April 20, 2025

So I couldn’t write the past two days — my father had medical emergency on Friday, and since then I’ve been at the hospital with him. Thankfully, the doctors managed to apply a temporary solution again, and he got discharged this morning.

I really don’t know how to feel right now. I’ve been trying to take care of him, but under all the circumstances, I sometimes wonder if I’m doing enough. I honestly feel like a bad son at times... maybe if I had been physically there all the time, I could’ve done more.

Hospitals really drain me emotionally. Every time I’m there, I feel dizzy — mentally checked out. But still, I’m trying. I hope by the end of this month, we’ll be able to go ahead with the planned surgery, once his blood thinners are managed properly.
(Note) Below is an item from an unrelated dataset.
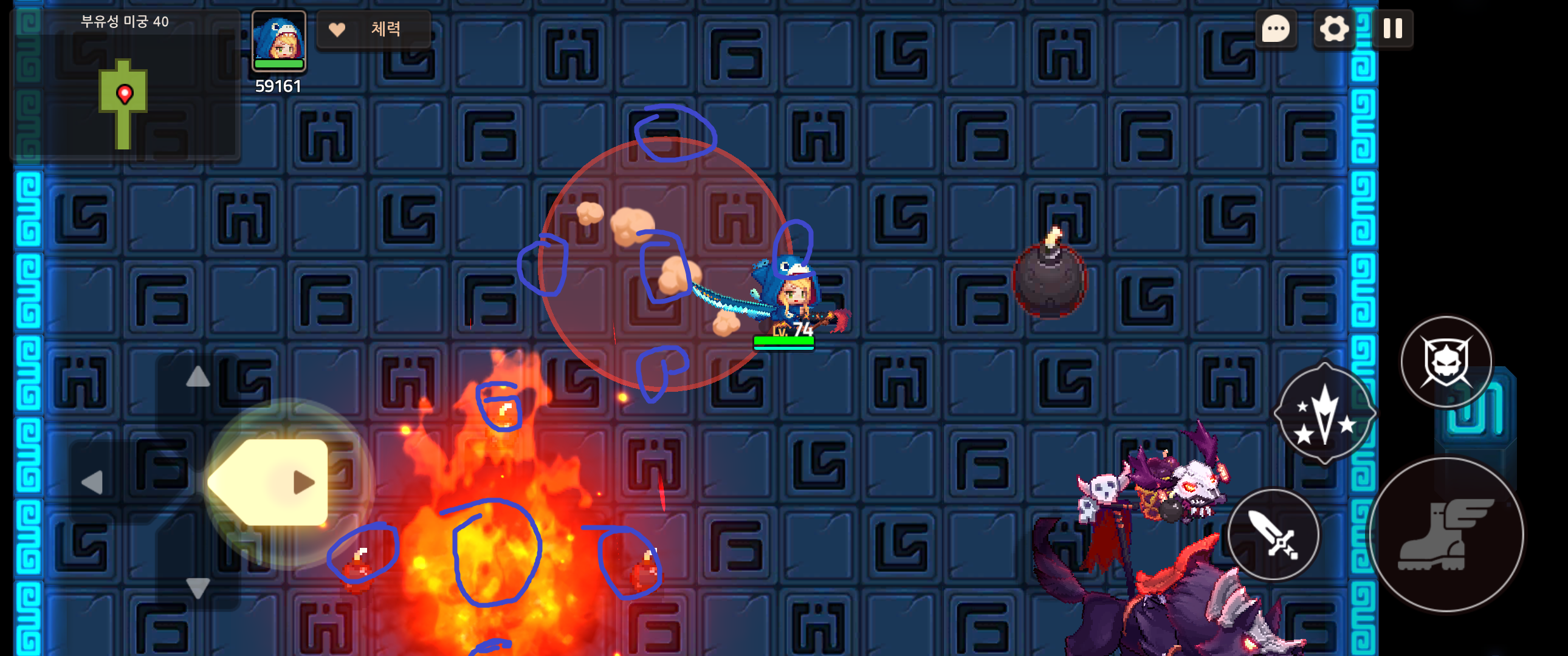 손톱 휘두르는걸 피했다면 다음 패턴은 돌진입니다. 고블린 족장은 돌진하고 돌진한 자리에다 폭탄을 떨어뜨리고 갑니다.

Not sure why I’m writing all of this here — but I guess this journal is for my memories, my space. I’ve been thinking of writing less frequently now, just updating the journal occasionally for important things or reflections but not sure though cause i love to write this journal everyday even if the all days journal had same content of my day

Right now, I’m feeling like I’m slowly losing connection with family and friends... but still, I’m grateful to those who stay. I get it — everyone has their own struggles and paths. This whole transition feels intense, but soothing instrumental music, calm piano, and ambient sounds have really helped me stay grounded and keep thinking clearly, finding my own way through it all.

Also, I noticed something that brought a smile — I got a new follower on the site today. It’s L. Thank you so much! I saw it in blog profile, and I know you’re the one who always checks in on my journal entries, even if most of them are just repetitive day-to-day things. I really appreciate that more than I can say.

I even tried to follow your blog back too around 3 months ago, but for some reason I still keep getting a Page Not Found (404) error — Not sure if it’s an issue on my side or something with the link. But thank you again — it really means a lot.

I don’t even know why I’m writing all this and uploading it to the journal, but yeah... maybe this is vulnerability in itself, or maybe I just don’t know what this is. Just documenting life, I guess.